Levin protested not only against the wars in Iraq and Afghanistan, but also against the Vietnam War. And although she sees differences in the protest movements of today versus those of the 1960s, they are predominantly technological, with the message and the movement maintaining the same type of conviction.

“Technology is different,” Levin said, “ which in a lot of ways makes organizing much easier and faster. It’s easier to get the word out.”

Bor and Levin had differing opinions of what the movement was, and where it was going, but both seemed optimistic about the future.

“I was kind of hoping they’re be more people there,” Bor said. “There were definitely not 500,000 people there. I thought there was somewhere between 50,000 and 100,000 people. That was my unofficial estimate, counting how many people passed by in 15 seconds, multiplying that by… something!”

“This wasn’t just a protest,” Bor continued. “Some of the organizers had this lobbying day on Monday [Jan. 29]… that kind of targeted organized lobbying – targeted advocacy – that seems to make a lot of sense to me.

This kind of protesting, where activists actually lobby Congress, made Bor wonder if “this form of protest is the way of the future in terms of anti-war organizing.”

Bor said he hopes the newly elected Democrats in Congress can be effectively targeted as a vehicle for change on war policy.

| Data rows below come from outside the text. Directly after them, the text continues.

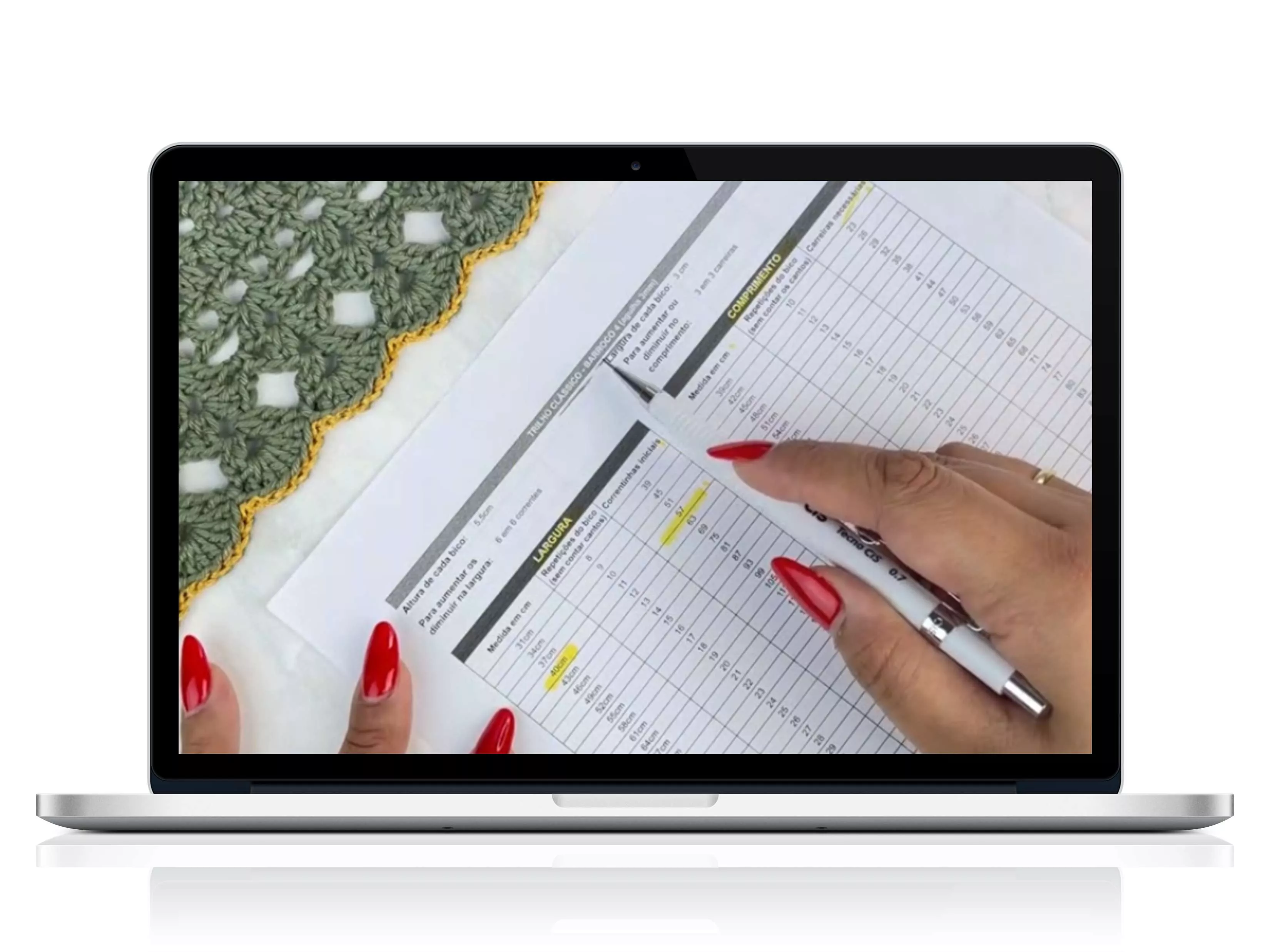 As crocheteiras mais experientes adoram uma receita escrita para tirar aquela dúvida pontual na hora de crochetar, não é mesmo? Por isso, além da videoaula explicadinha, nossas aulas também contam com a receita escrita, detalhada com cada carreira.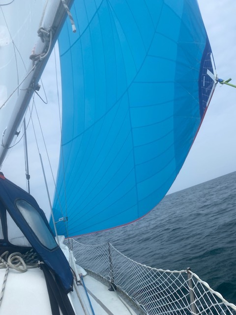 j'ai herite du spi a l 'achat c est un grand triradial avec lequel le bateau remonter comme une bete avec un chouya de vent, j'affale quand le pilote ne tient plus l 'autre jour, au travers, apres une point à 8,5 nds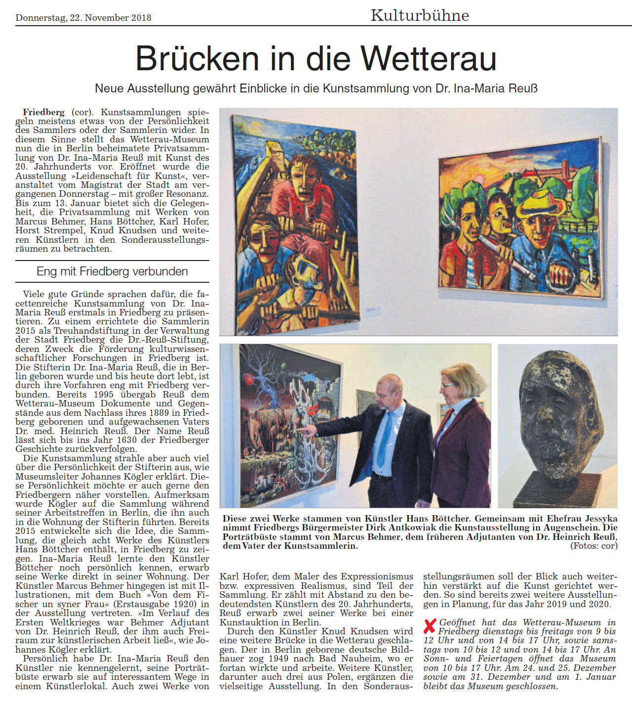 Artikel "Brücken in die Wetterau", Wetterauer Zeitung vom 22.11.2018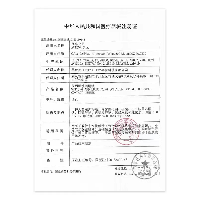 优卓优润润眼液15ml优卓润滑液硬性角膜塑形镜ok镜润滑液舒润液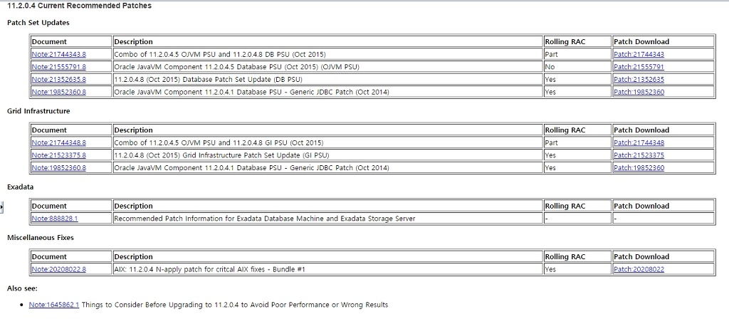 11.2.0.4를 눌러보면 아래와 같이 내용이 나오는데
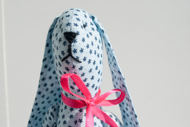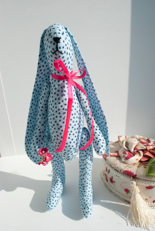 Обычно в таких расцветках видела только тильда мишек, а зайки обычно однотонные и нарядно одетые. Грустно романтичный зайка сделан на подарок сестре =)
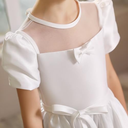 Flower Girl Dresses for Wedding Satin Short Sleeves First Communion Dress with Bow 6

“There is a bit of a crisis going on right now about how to get leverage,” Bor said. “Bush isn’t going to change his mind on this. That’s hopeless. That’s lost.”

“I love my country,” Bor continued, “but I think we’re moving into a time where patriotism is becoming a thing of the past. But if you want to talk about what patriotism is, to me it’s what’s for the good of the country, and I would simply argue that this war does not seem to be good for the country. To say that, I think is anything but unpatriotic.”